Start of SUPPLIED MATERIAL

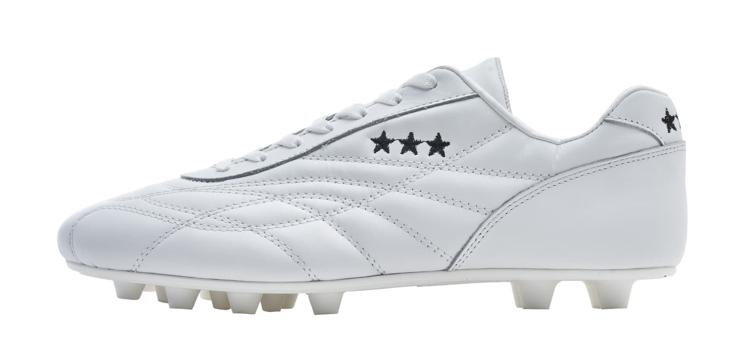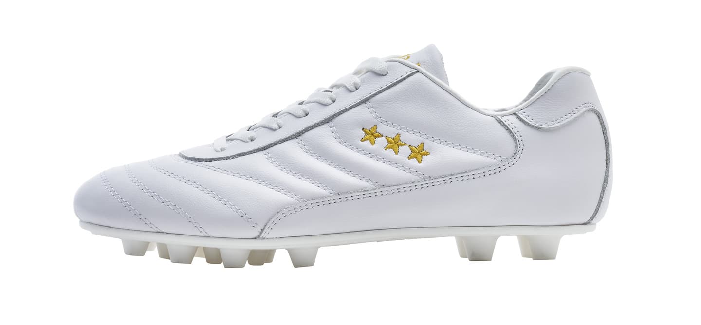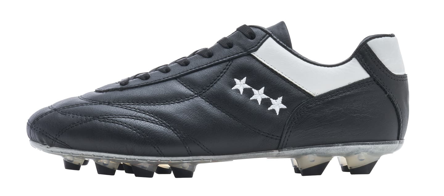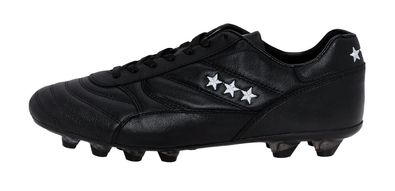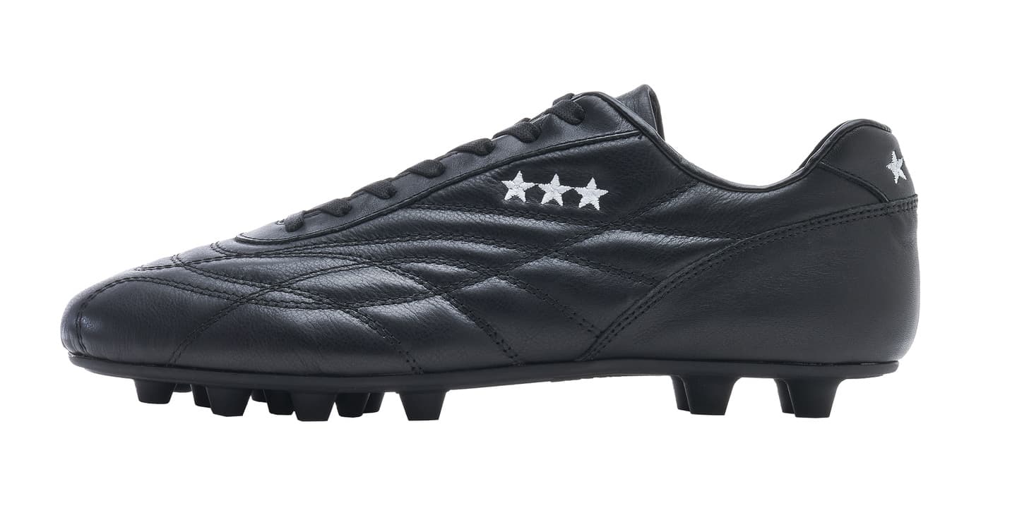 カンガルーレザーを使用し試合でも最初から最後まで快適な履き心地を実現。マッケイ製法を採用し耐久性に優れブランドを象徴する★★★模様がアッパーに手縫いで施されエレガントなデザインを表現。ポリウレタンソールで固い地面にも対応可能で左右のデザインが異なるのも特徴的。
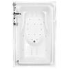 | Дополнительные характеристики | Функциональные возможности: тип управления-электронное; гидромассаж-есть, количество форсунок 6; аэромассаж-есть, количество форсунок 12; дезинфекция-нет; озонирование-нет; подводная подсветка-нет; многоцветная подсветка-нет; особенности-съемная фронтальн |
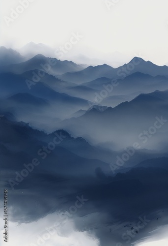 Abstract Landscape In Traditional Chinese Ink Art Style
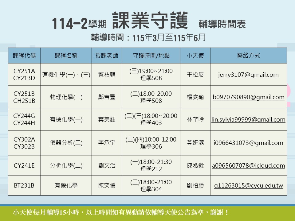 *114-2 學期諮詢室排班時間如下: –
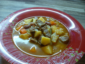 В чугунке (казан, утятница, сотейник) разогреваем подсолнечное масло и в разогретое масло бросаем мясо порезанное кубиками 5х5 см (температура высокая, т.е. «запечатываем» мясо), примерно 5 минут, далее температуру убавляем «чтоб чуть булькало» и тушим около 30 минут, добавляем репчатый лук и морковь, закрываем крышкой и тушим примерно 1 час , далее добавляем томаты (в нашем случае они пластмассовые и мы добавляем пару ложе томатной пасты) и тушим ещё минут 15, просыпаем 1 чайная ложка зиры, 1-2 чайная ложка барбариса, 2 чайных ложки молотой паприки, розмарин сухой – 2-3 щепотки, соль, перемешиваем и под крышкой минут 5-7 (в этот же момент по идее добавляют вино), далее добавляем очень крупно порезанный картофель (иногда картошку режем всего пополам), перемешиваем, если бульона мало, то добавляем воду (поскольку я не добавляла вино, то вода понадобилась), бульон должен на палец прикрывать блюдо, закрываем крышку и дотушиваем примерно минут 30-40. Общее время приготовления занимает порядка 2,5-3 часов, но это того стоит

End of SUPPLIED MATERIAL

[YOUR GOAL]: What you should produce is an exact copy of the records, with the pictures left out.

[ANSWER]:
 カンガルーレザーを使用し試合でも最初から最後まで快適な履き心地を実現。マッケイ製法を採用し耐久性に優れブランドを象徴する★★★模様がアッパーに手縫いで施されエレガントなデザインを表現。ポリウレタンソールで固い地面にも対応可能で左右のデザインが異なるのも特徴的。
 | Дополнительные характеристики | Функциональные возможности: тип управления-электронное; гидромассаж-есть, количество форсунок 6; аэромассаж-есть, количество форсунок 12; дезинфекция-нет; озонирование-нет; подводная подсветка-нет; многоцветная подсветка-нет; особенности-съемная фронтальн |
 Abstract Landscape In Traditional Chinese Ink Art Style
 *114-2 學期諮詢室排班時間如下: –
 В чугунке (казан, утятница, сотейник) разогреваем подсолнечное масло и в разогретое масло бросаем мясо порезанное кубиками 5х5 см (температура высокая, т.е. «запечатываем» мясо), примерно 5 минут, далее температуру убавляем «чтоб чуть булькало» и тушим около 30 минут, добавляем репчатый лук и морковь, закрываем крышкой и тушим примерно 1 час , далее добавляем томаты (в нашем случае они пластмассовые и мы добавляем пару ложе томатной пасты) и тушим ещё минут 15, просыпаем 1 чайная ложка зиры, 1-2 чайная ложка барбариса, 2 чайных ложки молотой паприки, розмарин сухой – 2-3 щепотки, соль, перемешиваем и под крышкой минут 5-7 (в этот же момент по идее добавляют вино), далее добавляем очень крупно порезанный картофель (иногда картошку режем всего пополам), перемешиваем, если бульона мало, то добавляем воду (поскольку я не добавляла вино, то вода понадобилась), бульон должен на палец прикрывать блюдо, закрываем крышку и дотушиваем примерно минут 30-40. Общее время приготовления занимает порядка 2,5-3 часов, но это того стоит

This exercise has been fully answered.